## Problem description
Reproduce only this stretch of the listing below: from the line with "Арка украшает въезд" through the line with "I lampioncini sono", exactly as written, with pictures excluded.

## Information given
-------
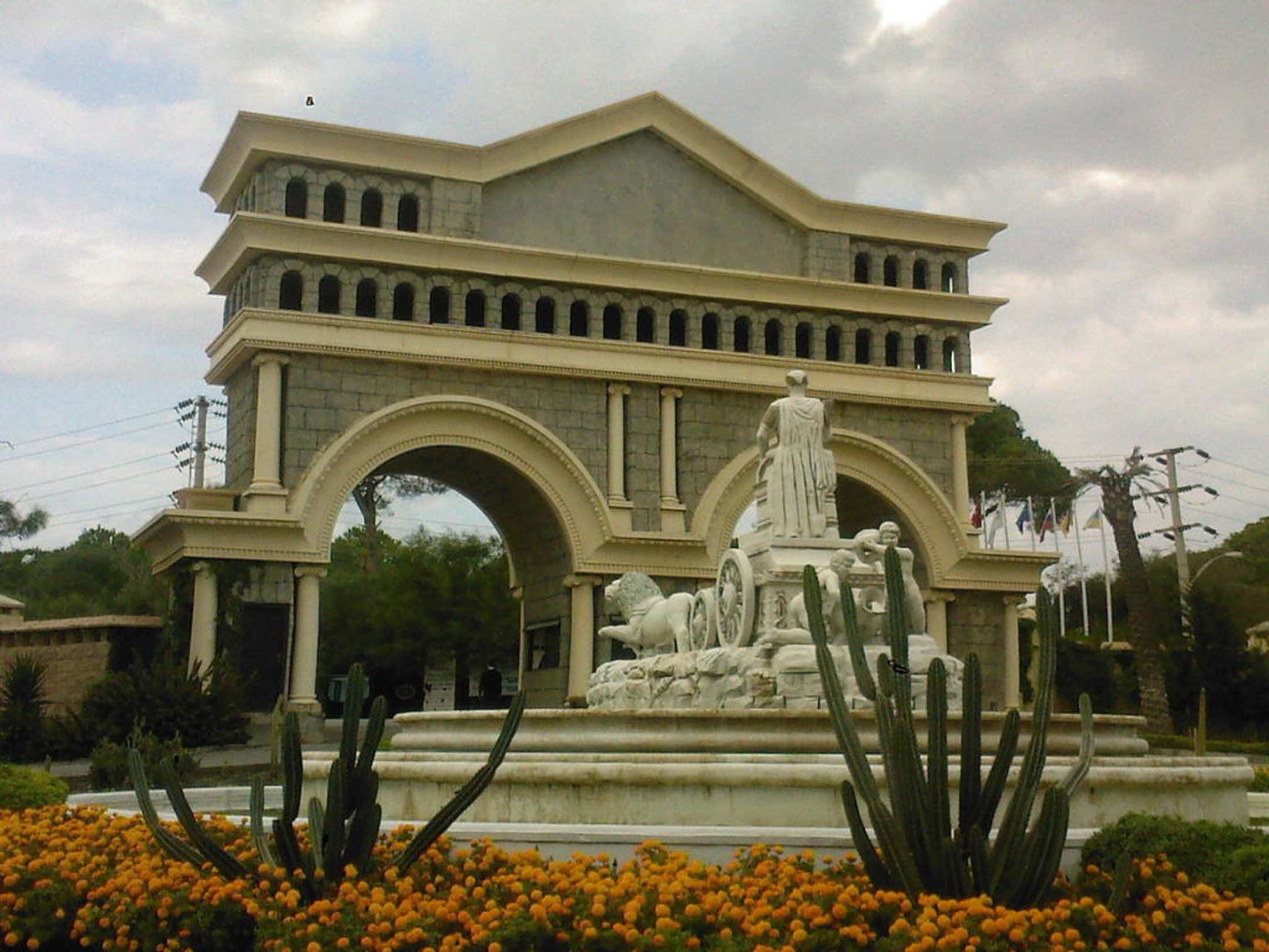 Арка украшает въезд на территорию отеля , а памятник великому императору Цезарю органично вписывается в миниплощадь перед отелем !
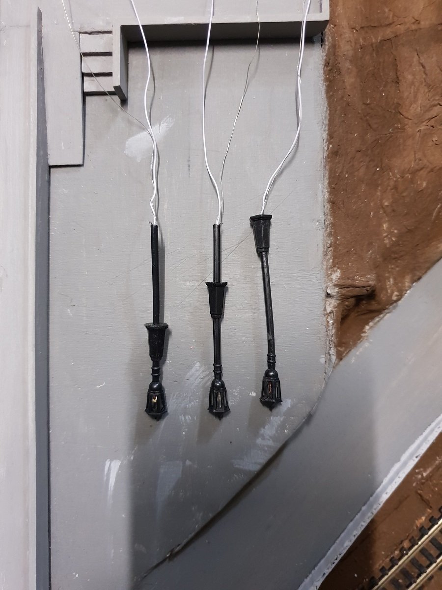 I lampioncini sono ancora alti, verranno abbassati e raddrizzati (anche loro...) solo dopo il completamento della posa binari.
-------
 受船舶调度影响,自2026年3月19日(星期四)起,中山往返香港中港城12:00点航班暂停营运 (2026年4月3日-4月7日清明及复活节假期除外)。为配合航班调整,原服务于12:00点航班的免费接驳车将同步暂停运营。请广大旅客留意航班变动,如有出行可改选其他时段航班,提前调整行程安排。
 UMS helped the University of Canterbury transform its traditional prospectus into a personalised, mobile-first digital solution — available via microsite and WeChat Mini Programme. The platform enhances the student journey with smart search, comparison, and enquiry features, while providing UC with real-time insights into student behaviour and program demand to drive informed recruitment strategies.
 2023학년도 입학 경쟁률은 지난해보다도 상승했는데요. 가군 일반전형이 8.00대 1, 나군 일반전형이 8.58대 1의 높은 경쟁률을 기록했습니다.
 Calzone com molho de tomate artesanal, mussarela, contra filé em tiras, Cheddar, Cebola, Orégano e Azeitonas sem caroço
-------
## Solution
 Арка украшает въезд на территорию отеля , а памятник великому императору Цезарю органично вписывается в миниплощадь перед отелем !
 I lampioncini sono ancora alti, verranno abbassati e raddrizzati (anche loro...) solo dopo il completamento della posa binari.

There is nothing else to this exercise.